The previous entry on the Cherokee Nation made me think of our visit to the Sequoyah Birthplace Museum in Vonore, Tennessee, which my wife and I saw once. Seqoyah (c. 1770-1840) was a Cherokee silversmith who, impressed by the ability of white people to communicate with each other by means of “talking leaves,” invented from scratch a syllabary of eighty characters for representing the Cherokee language, which continues to be used.

Via Wikipedia, this is the most common portrait of Sequoyah, an engraving after an oil painting he sat for in Washington DC on a visit there once.

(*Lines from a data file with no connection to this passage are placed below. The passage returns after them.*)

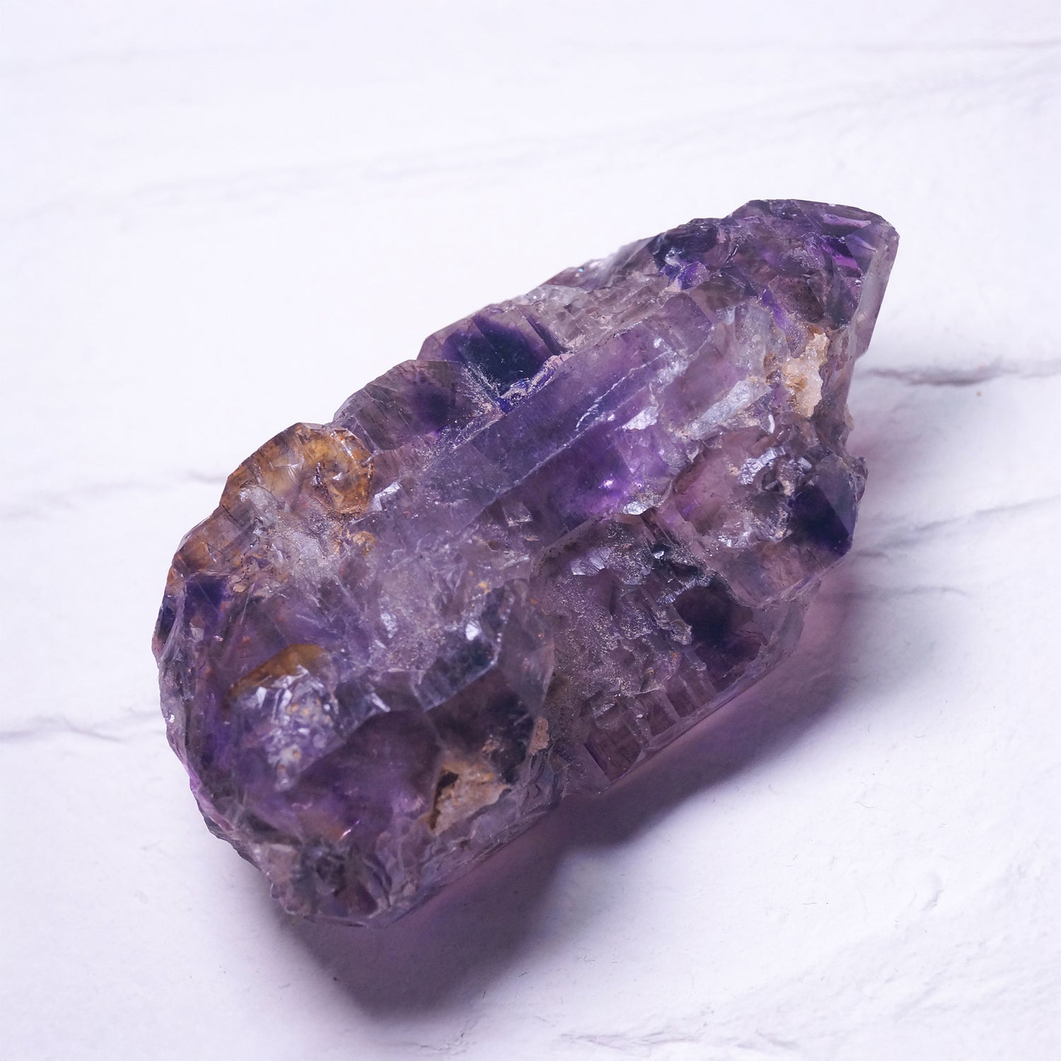 工場より加工前の原石を1つだけ選んで入手しました。表面に現れているレピドクロサイトの輝きとエレスチャル感満載の形状にパワーを感じます。
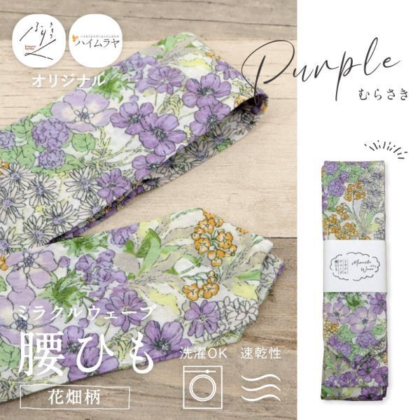 - 【 ミラクルウェーブ腰ひも 花畑柄】【単品】『パープル』オリジナル商品 コットン 日本製 綿100% 広幅 速乾 洗濯OK 腰ひも
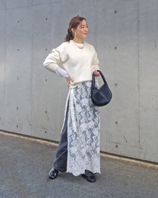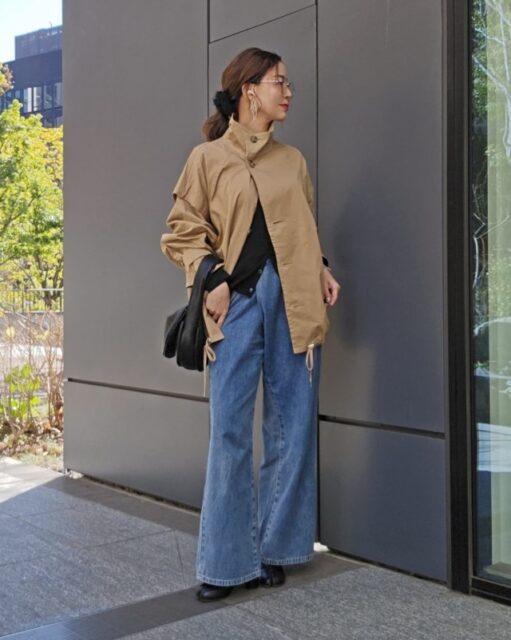 このときシャツ・ブラウスはゆったりめを選んで裾を出すのがコツ。リラクシーに着こなすことで今どきのルックスに決まります。
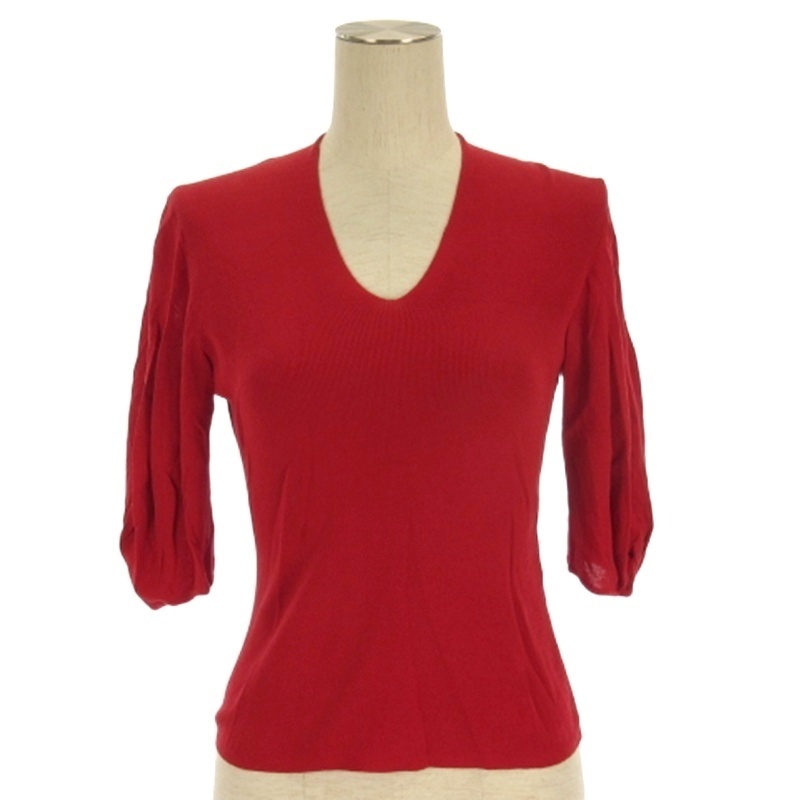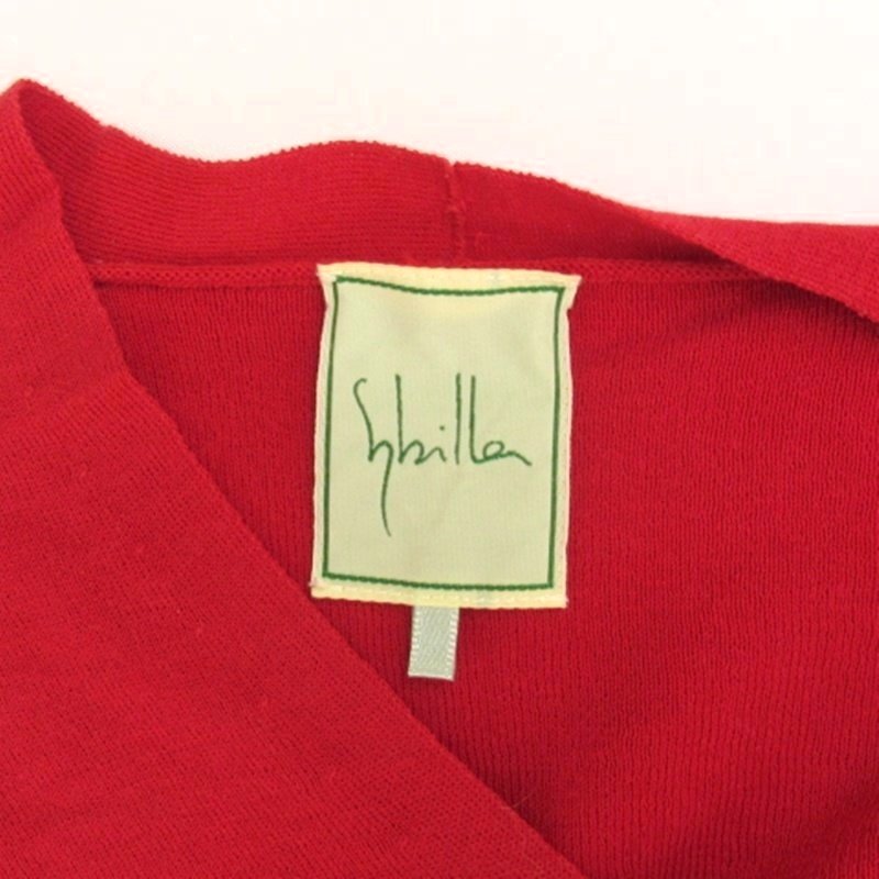 シビラ SYBILLA Vネック ニット カットソー 五分袖 レッド M ■GY43 レディース

Unfortunately, the museum didn’t do justice to its namesake. The exhibits were not about him so much as they were about the Cherokee themselves, with the film they show you (an hour long, as it turns out) focusing heavily on Cherokee removal and mentioning only briefly such things as the tradition of “inter-clan violence.” The rest of the museum consisted of a meager collection of artifacts, rather poorly displayed. We both thought that if it’s being billed as a Sequoyah museum they should focus on him and then branch out into other issues that he represents: the historic identity of the Cherokee, their contact with Europeans, the whole question of what literacy does to people (including the history of the Cherokee Phoenix), and the question of acculturation: how do we deal with Europeans, by resisting them, or imitating them? Of course you then could still talk about how even the latter didn’t save the Cherokee, due to the stunning bad faith of Andrew Jackson, et al., but you could then follow Sequoyah out to Oklahoma and tell about how the band survives out there to this day.